Asher's work projects several cultural references into one modest object, and it is a play on sculpture's historic role as representation. When one leans down to drink from the fountain and looks west, the flagpole serves as a line to a rock with a plaque denoting the history of this place. As an ironically monumentalized fragment of any banal administrative environment, the drinking fountain mirrors the nearby monument to Camp Matthews, suggesting both contradiction and continuity between the institutions of defense and of learning, of the military and the university. The fountain, in its modesty and its reversal of the traditional grandeur of water fountains as public monuments, also calls to mind Southern California's need to manage and preserve its natural resources in light of the ongoing water crisis caused by large-scale agricultural and urban development.
Essay
Michael Asher, Untitled, 1991
For Michael Asher, context is all. His work comments on function and often-invisible systems. One of the leading conceptual artists, based in Los Angeles but showing mostly in Europe, he points to architecture and institutional procedures or systems that influence our understanding of things without our necessarily being particularly aware of them. His work is fused with and comments on its setting, sensitizing us to its history. The UC San Diego campus, with its beginnings as a military training ground, seemed a perfect place for him to explore and consider. Although highly recognized and often commissioned for exhibition projects, he had no permanent public work in this country, which was surprising given the recent focus on place, history, and dependence on site. He was high on the Stuart Collection Advisory Board’s list and responded enthusiastically when we called.

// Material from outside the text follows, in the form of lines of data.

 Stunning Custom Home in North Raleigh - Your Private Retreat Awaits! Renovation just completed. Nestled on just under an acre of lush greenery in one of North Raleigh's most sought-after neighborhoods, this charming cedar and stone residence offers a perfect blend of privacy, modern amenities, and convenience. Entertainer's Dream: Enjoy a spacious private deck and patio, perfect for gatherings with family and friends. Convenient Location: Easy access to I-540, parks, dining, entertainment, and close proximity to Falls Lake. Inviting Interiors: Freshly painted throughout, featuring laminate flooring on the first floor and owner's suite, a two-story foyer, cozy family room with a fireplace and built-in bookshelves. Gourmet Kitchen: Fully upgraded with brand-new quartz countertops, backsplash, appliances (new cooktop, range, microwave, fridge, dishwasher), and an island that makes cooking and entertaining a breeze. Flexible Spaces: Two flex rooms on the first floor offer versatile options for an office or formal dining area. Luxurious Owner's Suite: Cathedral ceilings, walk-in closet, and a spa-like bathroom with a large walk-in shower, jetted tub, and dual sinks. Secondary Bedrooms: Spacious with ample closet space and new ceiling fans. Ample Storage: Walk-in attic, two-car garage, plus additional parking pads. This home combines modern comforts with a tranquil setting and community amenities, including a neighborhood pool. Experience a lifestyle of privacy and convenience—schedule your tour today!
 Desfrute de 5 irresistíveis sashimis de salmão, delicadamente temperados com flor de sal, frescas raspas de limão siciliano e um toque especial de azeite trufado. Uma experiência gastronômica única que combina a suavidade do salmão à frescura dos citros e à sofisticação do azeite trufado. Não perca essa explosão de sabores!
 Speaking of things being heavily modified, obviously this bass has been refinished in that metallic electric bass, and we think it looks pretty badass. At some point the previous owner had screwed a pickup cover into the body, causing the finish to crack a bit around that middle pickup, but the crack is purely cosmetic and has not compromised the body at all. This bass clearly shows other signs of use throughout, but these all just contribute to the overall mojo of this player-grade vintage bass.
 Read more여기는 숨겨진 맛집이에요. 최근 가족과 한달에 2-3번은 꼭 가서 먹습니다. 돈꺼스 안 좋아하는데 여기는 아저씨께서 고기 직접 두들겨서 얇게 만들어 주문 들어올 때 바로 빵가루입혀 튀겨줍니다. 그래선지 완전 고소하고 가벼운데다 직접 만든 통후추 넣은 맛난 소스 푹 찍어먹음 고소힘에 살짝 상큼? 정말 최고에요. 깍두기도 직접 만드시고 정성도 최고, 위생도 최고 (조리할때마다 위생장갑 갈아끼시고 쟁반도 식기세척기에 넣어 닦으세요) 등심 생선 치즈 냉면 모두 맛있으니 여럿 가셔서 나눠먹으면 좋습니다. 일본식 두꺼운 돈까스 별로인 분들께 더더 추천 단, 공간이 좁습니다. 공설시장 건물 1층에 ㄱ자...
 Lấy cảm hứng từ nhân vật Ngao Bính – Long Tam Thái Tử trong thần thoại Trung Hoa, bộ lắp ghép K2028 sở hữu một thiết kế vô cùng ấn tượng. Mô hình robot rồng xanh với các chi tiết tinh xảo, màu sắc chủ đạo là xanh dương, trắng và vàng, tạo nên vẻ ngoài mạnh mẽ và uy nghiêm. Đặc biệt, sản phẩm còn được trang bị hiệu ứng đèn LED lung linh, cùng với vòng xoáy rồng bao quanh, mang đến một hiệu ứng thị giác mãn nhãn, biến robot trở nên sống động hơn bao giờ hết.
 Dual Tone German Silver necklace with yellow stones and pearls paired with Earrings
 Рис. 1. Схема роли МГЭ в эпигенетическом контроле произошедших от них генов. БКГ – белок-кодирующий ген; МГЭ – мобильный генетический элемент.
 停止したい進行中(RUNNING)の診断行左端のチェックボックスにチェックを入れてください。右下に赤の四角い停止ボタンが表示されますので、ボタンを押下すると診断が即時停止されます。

Michael first visited the university in 1984. On an extensive tour, two things sparked his interest: the campus signage, which was in great need of clarity; and the possibility of turning a small yellow-brick building near the Gilman entrance into a visitors’ information center. The building, once an electrical switching station, was unused and neglected. Upon reflection and inquiry, Michael decided that the size and complexity of the campus signage made it a less attractive challenge. He abandoned that pursuit. His interest in graphics, however, became an opportunity: in addition to developing a project, he wanted to redesign the Stuart Collection’s stationery—an unusual and typically subversive idea. We use a version of his design to this day.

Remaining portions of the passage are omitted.